**What the task requires:** Leave out the pictures and output exactly the lines below from the one with "The Chief Minister's" down to the one with "Porta de Aço", both of them included.

[Start of Attachment]

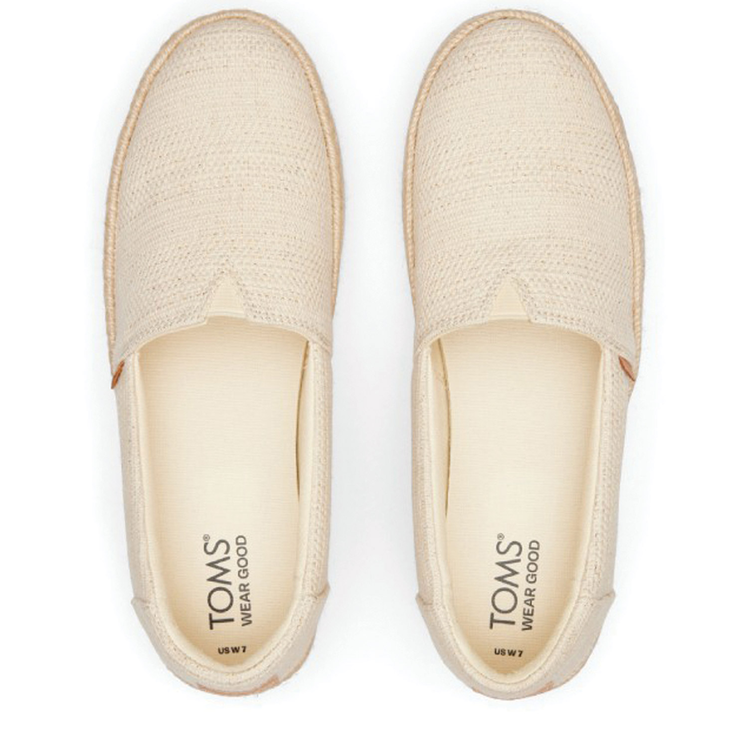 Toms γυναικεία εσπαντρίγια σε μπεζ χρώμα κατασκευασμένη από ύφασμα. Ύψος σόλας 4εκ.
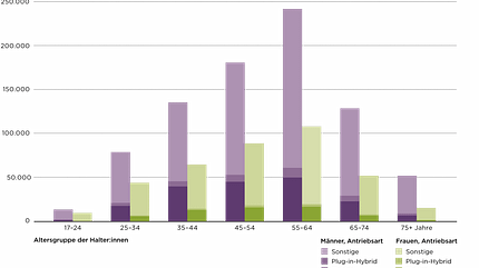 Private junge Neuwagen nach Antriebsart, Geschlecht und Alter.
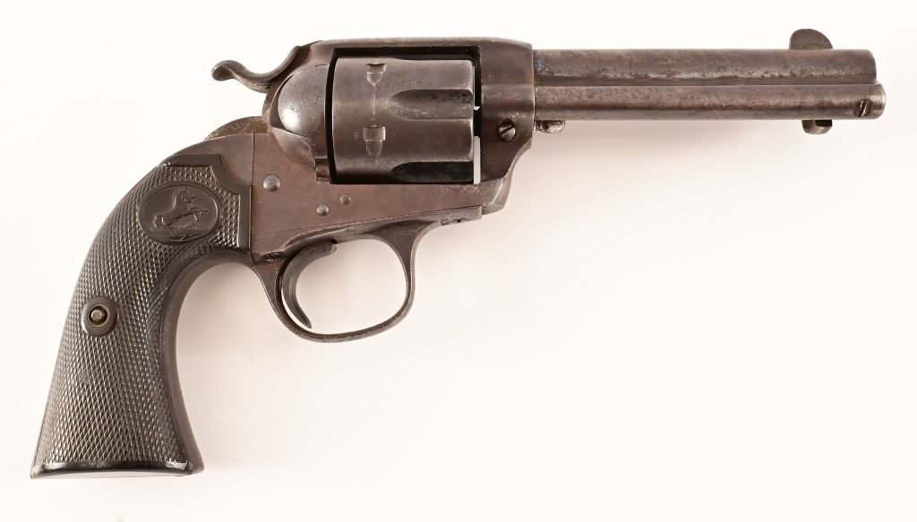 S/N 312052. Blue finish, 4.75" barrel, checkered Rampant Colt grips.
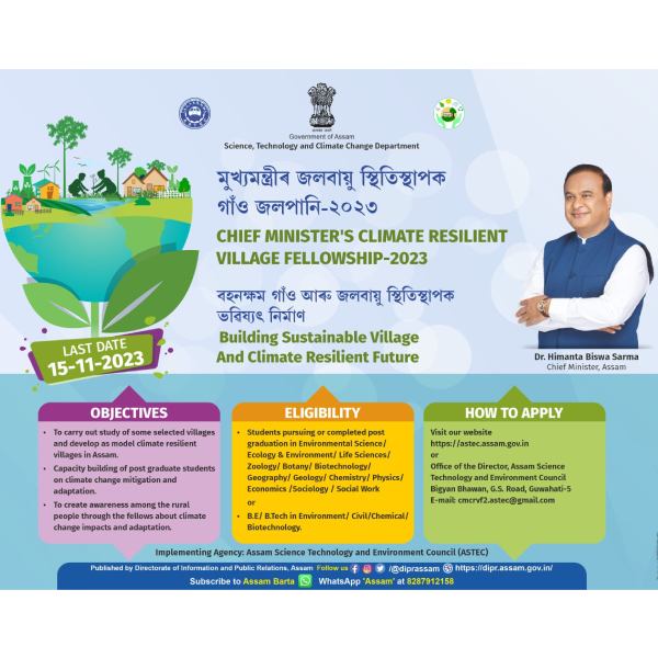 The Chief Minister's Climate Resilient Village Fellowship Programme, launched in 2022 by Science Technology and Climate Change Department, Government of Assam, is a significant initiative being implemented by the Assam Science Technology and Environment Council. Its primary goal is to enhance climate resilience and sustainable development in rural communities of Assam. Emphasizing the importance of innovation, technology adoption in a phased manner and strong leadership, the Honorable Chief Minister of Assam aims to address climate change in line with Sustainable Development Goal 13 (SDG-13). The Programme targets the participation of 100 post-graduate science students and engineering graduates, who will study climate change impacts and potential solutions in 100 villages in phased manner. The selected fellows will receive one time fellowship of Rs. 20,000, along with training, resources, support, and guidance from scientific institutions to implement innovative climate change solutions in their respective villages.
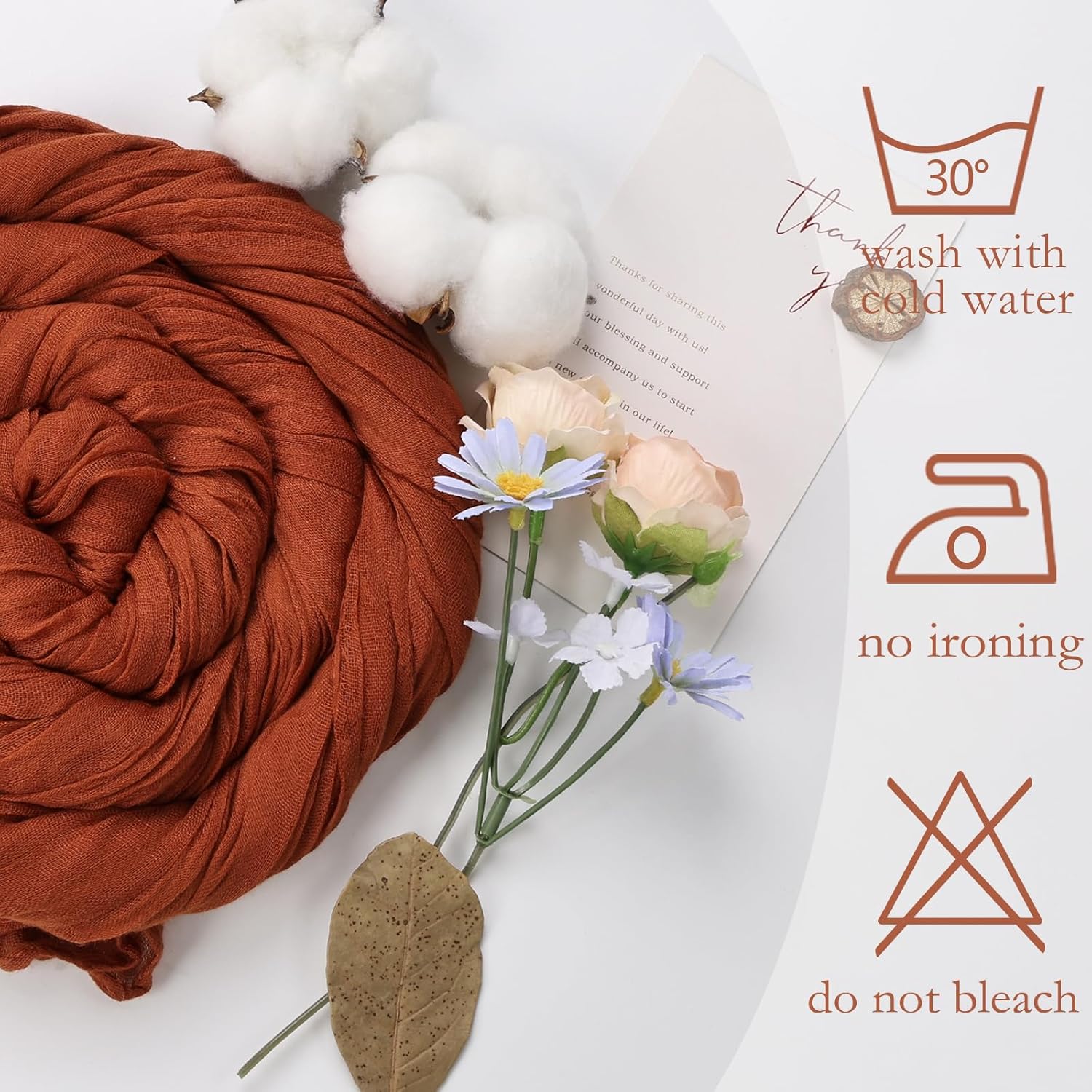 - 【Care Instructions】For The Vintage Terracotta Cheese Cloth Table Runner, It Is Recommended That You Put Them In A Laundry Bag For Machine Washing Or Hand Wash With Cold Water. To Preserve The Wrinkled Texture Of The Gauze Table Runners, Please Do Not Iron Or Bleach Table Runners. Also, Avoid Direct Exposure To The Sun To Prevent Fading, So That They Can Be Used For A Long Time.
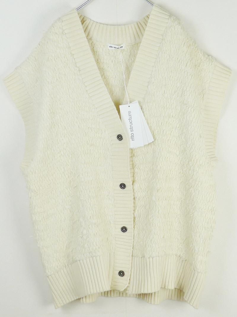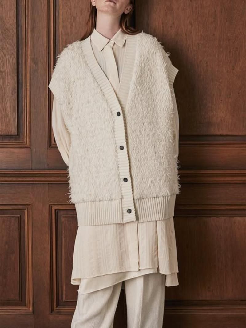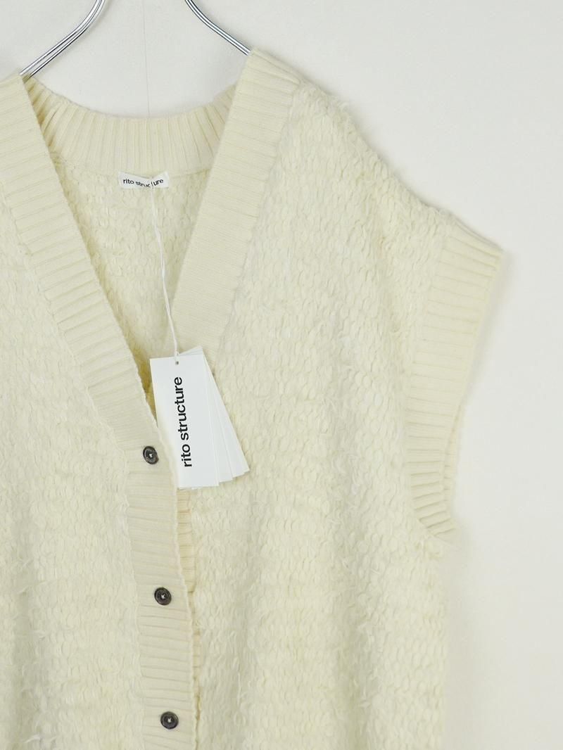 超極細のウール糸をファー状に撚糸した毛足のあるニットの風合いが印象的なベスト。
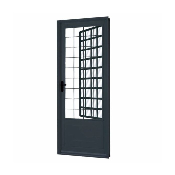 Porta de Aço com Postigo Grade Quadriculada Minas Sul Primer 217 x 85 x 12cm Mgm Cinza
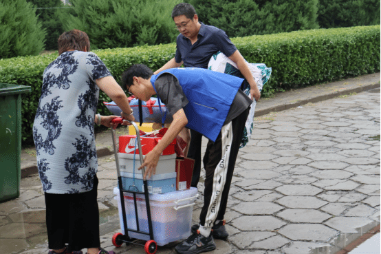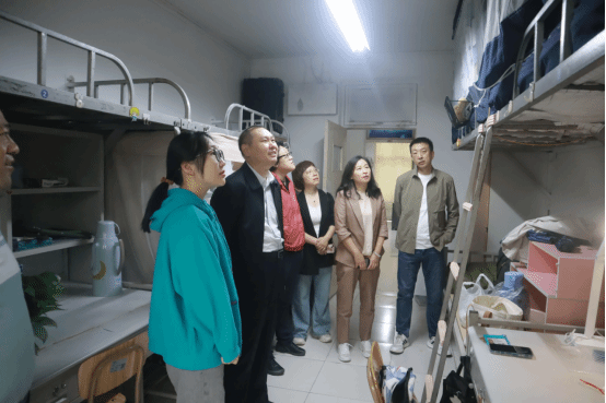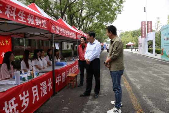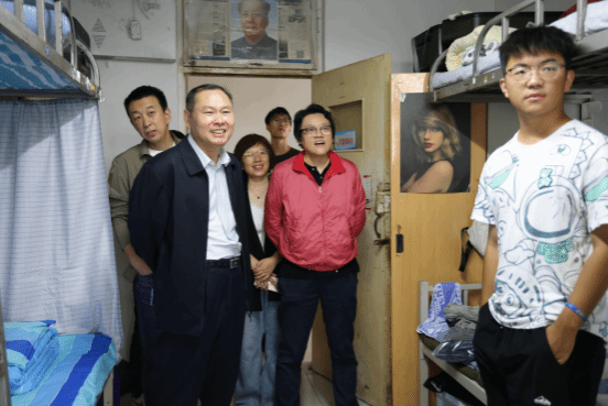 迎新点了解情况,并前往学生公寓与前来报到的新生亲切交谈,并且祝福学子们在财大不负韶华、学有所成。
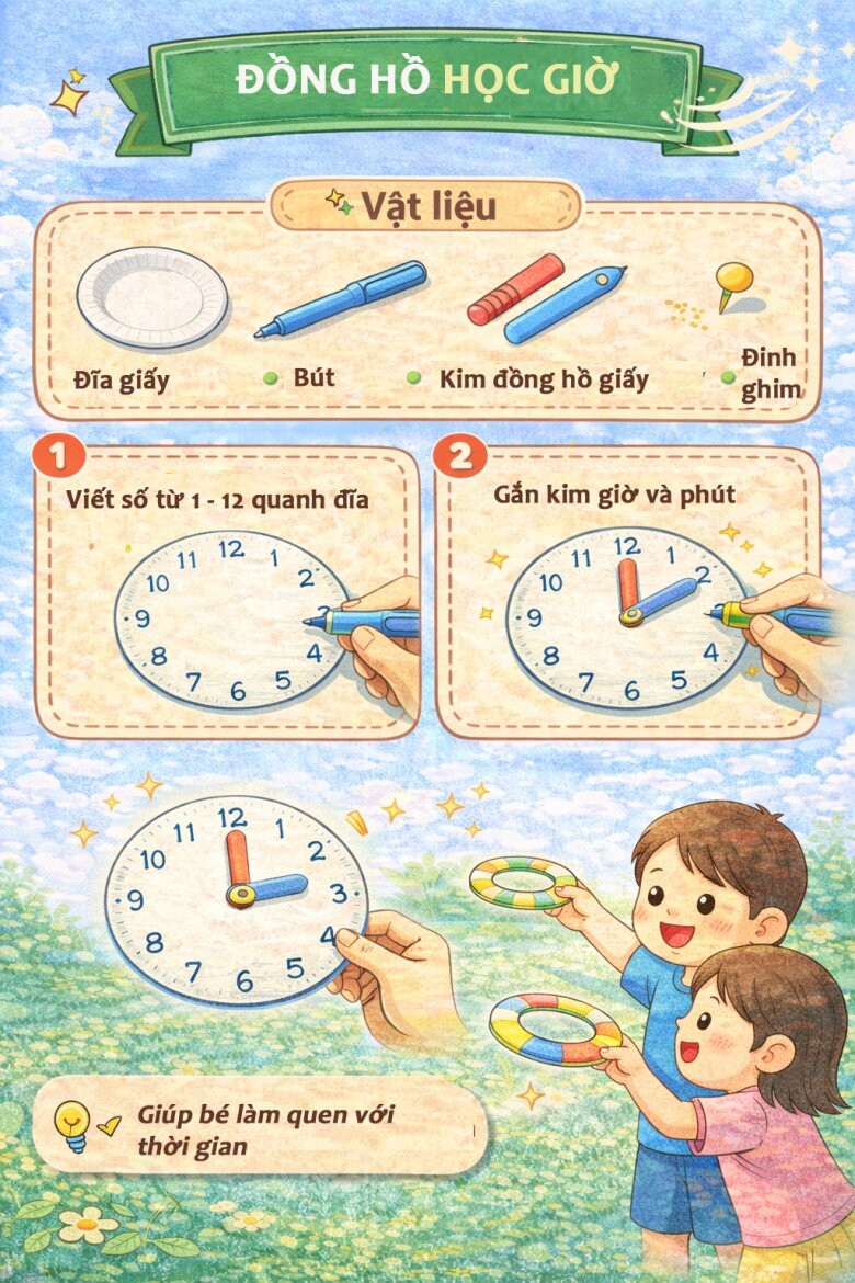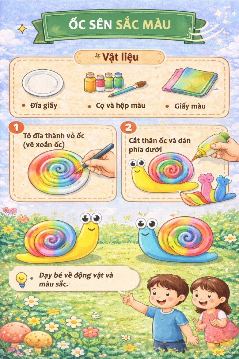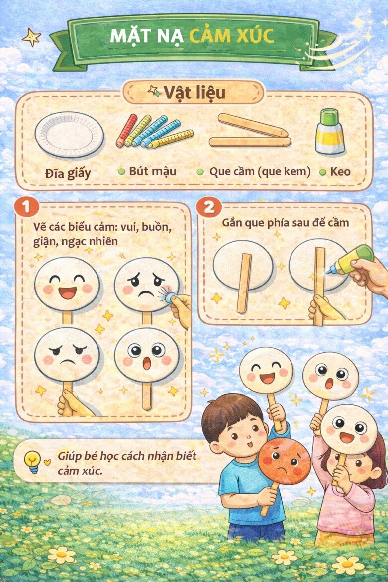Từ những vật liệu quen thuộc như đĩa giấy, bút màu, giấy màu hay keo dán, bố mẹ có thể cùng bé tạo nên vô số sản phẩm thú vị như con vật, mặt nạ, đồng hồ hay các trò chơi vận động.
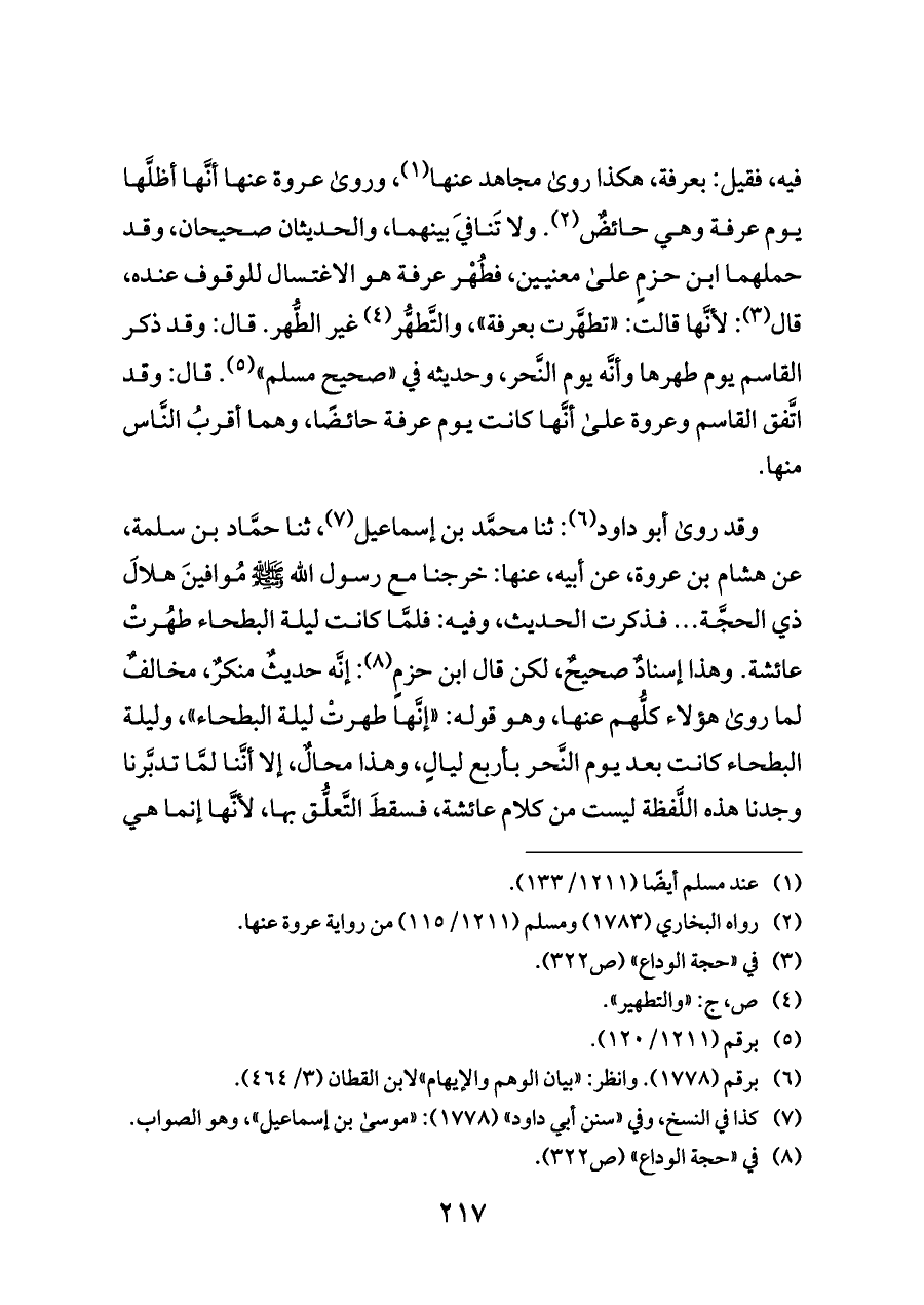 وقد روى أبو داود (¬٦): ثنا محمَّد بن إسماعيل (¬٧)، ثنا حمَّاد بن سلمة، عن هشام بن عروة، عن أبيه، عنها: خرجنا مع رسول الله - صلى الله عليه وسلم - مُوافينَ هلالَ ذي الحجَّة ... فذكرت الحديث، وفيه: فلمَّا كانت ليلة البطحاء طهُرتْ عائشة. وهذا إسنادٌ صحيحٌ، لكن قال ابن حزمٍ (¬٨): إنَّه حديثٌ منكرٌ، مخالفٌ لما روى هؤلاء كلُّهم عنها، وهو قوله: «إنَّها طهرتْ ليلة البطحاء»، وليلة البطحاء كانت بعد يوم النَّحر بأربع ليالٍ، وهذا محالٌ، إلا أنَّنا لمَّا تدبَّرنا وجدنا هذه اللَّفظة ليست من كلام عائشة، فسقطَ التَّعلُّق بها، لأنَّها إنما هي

[End of Attachment]

**Exercise output:**
 The Chief Minister's Climate Resilient Village Fellowship Programme, launched in 2022 by Science Technology and Climate Change Department, Government of Assam, is a significant initiative being implemented by the Assam Science Technology and Environment Council. Its primary goal is to enhance climate resilience and sustainable development in rural communities of Assam. Emphasizing the importance of innovation, technology adoption in a phased manner and strong leadership, the Honorable Chief Minister of Assam aims to address climate change in line with Sustainable Development Goal 13 (SDG-13). The Programme targets the participation of 100 post-graduate science students and engineering graduates, who will study climate change impacts and potential solutions in 100 villages in phased manner. The selected fellows will receive one time fellowship of Rs. 20,000, along with training, resources, support, and guidance from scientific institutions to implement innovative climate change solutions in their respective villages.
 - 【Care Instructions】For The Vintage Terracotta Cheese Cloth Table Runner, It Is Recommended That You Put Them In A Laundry Bag For Machine Washing Or Hand Wash With Cold Water. To Preserve The Wrinkled Texture Of The Gauze Table Runners, Please Do Not Iron Or Bleach Table Runners. Also, Avoid Direct Exposure To The Sun To Prevent Fading, So That They Can Be Used For A Long Time.
 超極細のウール糸をファー状に撚糸した毛足のあるニットの風合いが印象的なベスト。
 Porta de Aço com Postigo Grade Quadriculada Minas Sul Primer 217 x 85 x 12cm Mgm Cinza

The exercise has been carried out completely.